The World WILL NOT end on October 7


Camping's followers live on
I have written a  newspaper column on why those who believe the world will end on October 7 do not understand their Bibles. Because of space constraints in the newspaper, I would like  to add a further explanation for why using 1,600 days is arbitrary. One must read the newspaper column first to understand my explanation here.

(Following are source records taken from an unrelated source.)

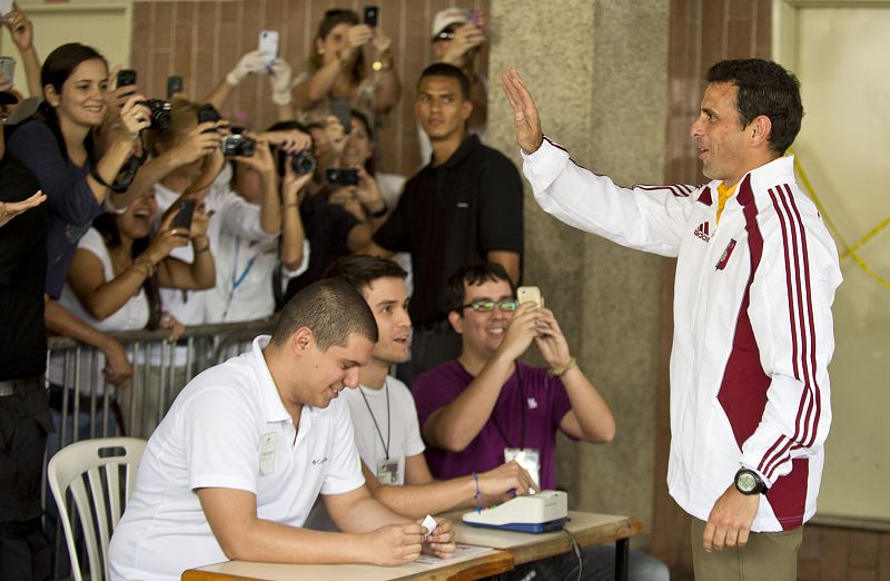 14.04.2013Venezuelan opposition presidential candidate Henrique Capriles waves after voting in Caracas, on April 14, 2013. Venezuelans flocked to the polls Sunday to vote for Hugo Chavez's successor, choosing between the handpicked heir of his socialist revolution and an opponent vowing change in the divided nation. AFP PHOTO/RONALDO SCHEMIDTAFP PHOTO/RONALDO SCHEMIDT
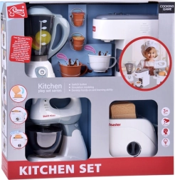 Objavte kompletnú sadu detských kuchynských spotrebičov v elegantnej bielej farbe, ktorá deťom umožní napodobňovať dospelých a rozvíjať kreativitu aj sociálne zručnosti. Set obsahuje mixér, kávovar, hriankovač a stolný mixér s realistickými svetelnými a zvukovými efektmi, funkciou vyskočenia hrianky a možnosťou nalievania skutočnej vody do šálok. Ideálny doplnok pre každú detskú kuchynku.
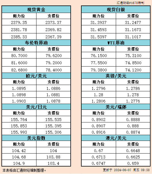 6月7日亚市支撑阻力:金银原油+美元指数等六大货币对

According to an essay by Chris McCann, a promoter of this end date, he can substitute a measure of time for a meaure of physical dimension in Revelation 14:20 because of what is said in Psalm 39:4-5 (King James Version). Note his reasoning:
“If their blood is flowing out of the winepress for the space of '1,600 furlongs,' we wonder if it is possible that God is indicating that the life of the wicked will go on for a period of time of 1,600 days. Is that possible? Can we understand 'furlongs' to represent ‘days’? So we take that question to the Bible, like we took all the other questions and we search the Bible to see if we can make that kind of spiritual substitution. When God is speaking of a 'space' of furlongs, can we understand it as 'days'? There are actually several verses that provide Biblical justification for making that kind of substitution. For instance, it says in Psalm 39:4-5:
JEHOVAH, make me to know mine end, and the measure of my days, what it is; that I may know how frail I am. Behold, thou hast made my days as an handbreadth; and mine age is as nothing before thee: verily every man at his best state is altogether vanity. Selah.”
However, making such a "spiritual" analogy between Psalm 39:4-5 and Revelation 14:20 only highlights how poorly and arbitrarily McCann chooses which numbers to use.
First, the biblical author is speaking of HIS days (“my days”), and not those of anything else in Psalm 39:4-5.
Second, McCann fails to tell us why he chose the number of Revelation 14:20 to signify the number of days after May 21, 2011, when there are many other numbers in Revelation that one could choose (e.g., 5 months of torture in Revelation 9:5).
Third, McCann fails to understand the nature of Hebrew poetic parallelism, wherein a line can simply restate or go beyond a previous line. In this case, “nothing before me” seems to be a further description of a “handbreath.”
That is to say, a “handbreath” seems to be a further description for a small or even zero amount (“as nothing before me”).
If so, one can just as well argue that there will be a ZERO amount of days (not 1,600 days) between May 21, 2011 and the end of the world.
One should not let these apocalyptic interpreters forget that it is atheists who have been 100% correct in predicting that those end dates will fail, while it is believers who have been 100% incorrect. In other words, atheists (and other skeptics) have been the best "prophets" when it comes to these end dates.